Without using L'Hôpital's rule, find: $$\lim_{x\to 0}\dfrac{\cos(\frac{\pi}{2}\cos x)}{\sin(\sin x)}$$ I know that the answer is $0$.
My attempt:
I tried by using the half-angle formula, $$\cos\left(\frac{A}{2}\right)=\pm\sqrt{\frac{1+\cos A}{2}},$$ but I've couldn't find it.
On
Rewrite the limit as a product like so:
$$L = \lim_{x\to 0} \frac{\sin x}{\sin( \sin x)} \cdot\frac{x}{\sin x} \cdot \frac{\cos(\frac{\pi}{2}\cos x)}{x}$$
If the limits exist individually then the limit of their product will be the product of their limits.
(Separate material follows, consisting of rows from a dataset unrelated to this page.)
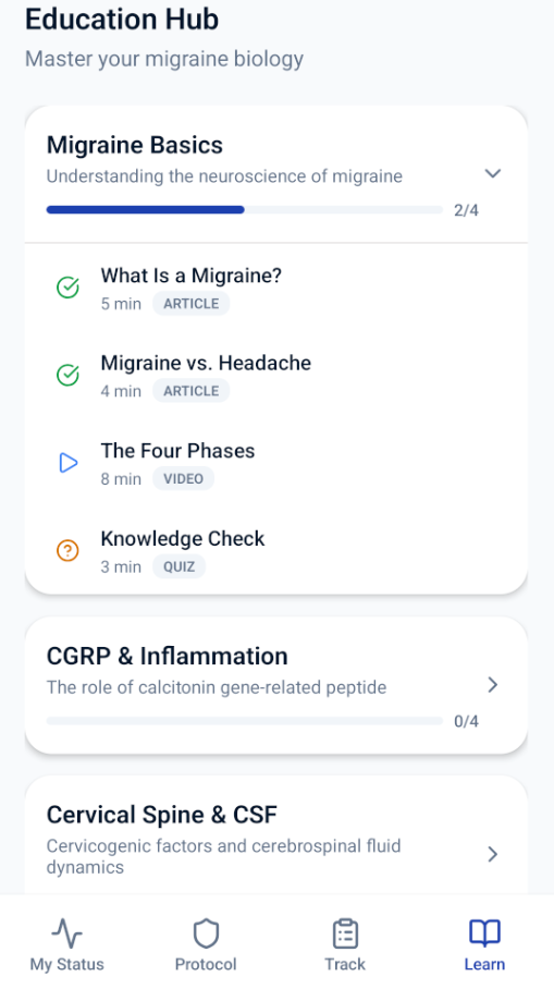 Learn about CGRP, cervical spine factors, treatment options, and take validated clinical self-assessments.
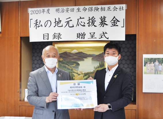 明治安田生命保険相互会社は8月4日、軽井沢町に21万6500円を寄付した。同社長野支社長の竹林浩昭さんが、藤巻町長に目録を手渡した。寄付金は「私の地元応援基金」という名のもと、明治安田生命グループの全従業員(約4万7千人)が、出身地などゆかりのある地元の自治体、団体などに募金し、会社からの寄付を上乗せしたもの。竹林さんは「地域社会全体が再び元気を取り戻すことを願い、一層の支援を継続していく」と話した。寄付金は、公共施設で使用するアルコール消毒液の購入費などにあてる予定だ。
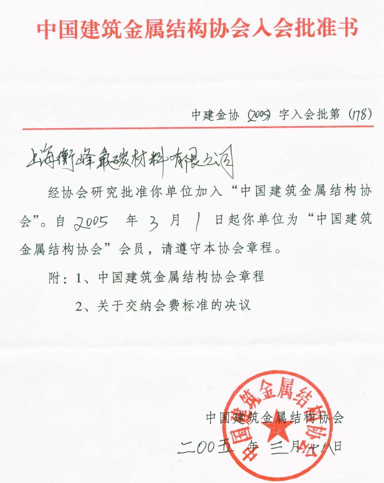 中國建筑金屬結(jié)構(gòu)會員證書 |
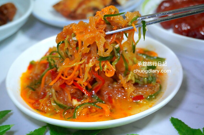 宴客冷盤小菜的當中,經典常見的涼拌海蜇皮,吃起來是Q彈爽脆的口感!每一口都是來自大海的氣息,還能吃到小黃瓜絲與紅蘿蔔絲,味道帶點微辣,也更顯清爽開胃。

The first two limits are $1$, giving us that
$$L = \lim_{x\to 0} \frac{\cos(\frac{\pi}{2}\cos x)}{x} = \lim_{x\to 0} \frac{\cos(\frac{\pi}{2}\cos x) - \cos(\frac{\pi}{2}\cos 0)}{x-0} \equiv \Bigr(\cos(\frac{\pi}{2}\cos x)\Bigr)'\Bigr|_{x=0} = 0$$
by the definition of the derivative.
On
If you want more than the limit itself, compose Taylor series $$\cos(x)=1-\frac{x^2}{2}+\frac{x^4}{24}+O\left(x^6\right)$$ $$\cos(\frac{\pi}{2}\cos (x))=\frac{\pi x^2}{4}-\frac{\pi x^4}{48}+O\left(x^6\right)$$ $$\sin(x)=x-\frac{x^3}{6}+\frac{x^5}{120}+O\left(x^6\right)$$ $$\sin(\sin(x))=x-\frac{x^3}{3}+\frac{x^5}{10}+O\left(x^6\right)$$ $$\frac{\cos(\frac{\pi}{2}\cos (x)) } {\sin(\sin(x)) }=\frac{\frac{\pi x^2}{4}-\frac{\pi x^4}{48}+O\left(x^6\right) } {x-\frac{x^3}{3}+\frac{x^5}{10}+O\left(x^6\right) }=\frac{\pi x}{4}+\frac{\pi x^3}{16}+O\left(x^5\right)$$
\begin{aligned}\lim_{x\to 0}{\frac{\cos{\left(\frac{\pi}{2}\cos{x}\right)}}{\sin{\left(\sin{x}\right)}}}&=\lim_{x\to 0}{\frac{\sin{\left(\frac{\pi}{2}-\frac{\pi}{2}\cos{x}\right)}}{\sin{\left(\sin{x}\right)}}}\\ &=\lim_{x\to 0}{\left(\frac{\pi x}{2}\times\frac{1-\cos{x}}{x^{2}}\times\frac{\sin{\left(\frac{\pi}{2}-\frac{\pi}{2}\cos{x}\right)}}{\frac{\pi}{2}-\frac{\pi}{2}\cos{x}}\times\frac{x}{\sin{x}}\times\frac{\sin{x}}{\sin{\left(\sin{x}\right)}}\right)}\\ &=0\times\frac{1}{2}\times 1\times 1\times 1\\ &=0\end{aligned}
Because $$ \lim_{\textrm{stuff}\to 0}{\frac{\sin{\left(\mathrm{stuff}\right)}}{\mathrm{stuff}}}=\lim_{x\to 0}{\frac{\sin{x}}{x}}=1 $$
And $$ \lim_{x\to 0}{\frac{1-\cos{x}}{x^{2}}}=\lim_{x\to 0}{\frac{1}{2}\left(\frac{\sin{\left(\frac{x}{2}\right)}}{\frac{x}{2}}\right)^{2}}=\frac{1}{2} $$